Analysis: China’s retirement age reform much needed, but not silver bullet for economic, demographic woes
Victoria University’s Dr Peng notes that while raising the retirement age is one solution to China’s demographic challenges, it is not a long-term fix.
“The Chinese government still needs to increase the country’s fertility rate to solve the problem in the long term,” she said. “Relying on technology improvement and increasing the quality of the labour force is fundamental.”
Extending social security payouts is not a problem that is unique to China. In recent years, similar situations have played out in countries like the US and France, noted Dr Tan Ern Ser, Associate Professor of Sociology at NUS.
These nations also grapple with the financial sustainability of their social security systems in the face of ageing populations, he said.
“This has to do with the rapidly ageing population, together with declining numbers of younger people contributing to social security,” Dr Tan added.
The state-run Chinese Academy of Sciences has said in 2019 that the pension system will run out of money by 2035 if there’s no further reform, with about a third of the country’s provincial-level jurisdictions running pension budget deficits, according to finance ministry data.

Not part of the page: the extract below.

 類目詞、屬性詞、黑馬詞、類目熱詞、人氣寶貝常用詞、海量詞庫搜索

“If the retirement age is not extended, funds would run out in the near future, say in a decade, and social security would not be able to meet its commitments. Extending the retirement age would slow down that process.”

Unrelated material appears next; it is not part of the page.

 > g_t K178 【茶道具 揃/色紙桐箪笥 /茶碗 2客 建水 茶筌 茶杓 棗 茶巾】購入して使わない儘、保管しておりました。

In an interview with People’s Daily, Mr Mo Rong, head of the Chinese Academy of Labor and Social Security was cited as saying the decision was made to promote employment and protect rights and interests at the same time, and strive to create a fairer employment environment.

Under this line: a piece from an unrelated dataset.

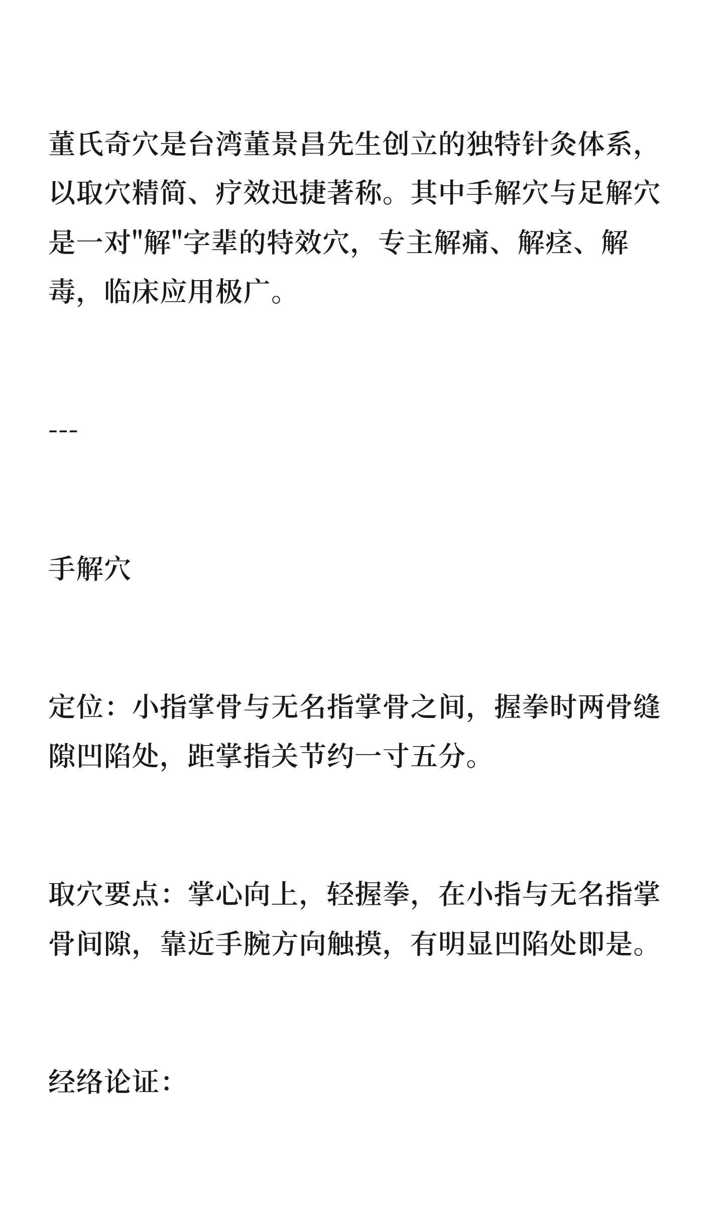 董氏奇穴:手解穴与足解穴,解痛解急的特

“This is the first time that our country has made clear regulations on the protection of the labour rights and interests of over-age workers. It will resolve problems such as the inability to implement the protection of the rights and interests of over-age workers in the past,” said Mr Mo.
According to Dr Peng, the immediate impact will be a modest increase in the labour supply starting in January 2025. This will help counteract the negative effects of a declining workforce due to population ageing, although the increase is “very small”.
In the next 10 years, about 300 million people currently aged 50 to 60 – China’s largest demographic group – are set to leave the workforce at a time when pension budgets are already stretched.
Even with a record number of 11.7 million college students are set to graduate this year, they may not be guaranteed a job. Data from the country’s statistics bureau in August showed that the jobless rate for 16 to 24-year-olds in China, excluding students, rose to 17.1 per cent in July from 13.2 per cent in the prior month.
Additionally, the policy is expected to ease pressure on China’s overburdened pension system, as it reduces the number of new retirees while increasing contributions from older workers who stay employed longer, she said.
Despite this urgency, Dr Zhao acknowledges the delicate timing of the policy’s rollout, given the current economic environment.
Suggesting that in a more favourable job market, there would be less concern about the policy’s impact on employment opportunities, Dr Zhao said: “High youth unemployment makes it difficult to argue for postponement of the retirement age.”
“If youth unemployment is low, then there would be less concern about the proposal. People are (now) worried that the employment situation will get worse if the retirement age is raised”
“But it is something that China has to do, and better to do it sooner than later.”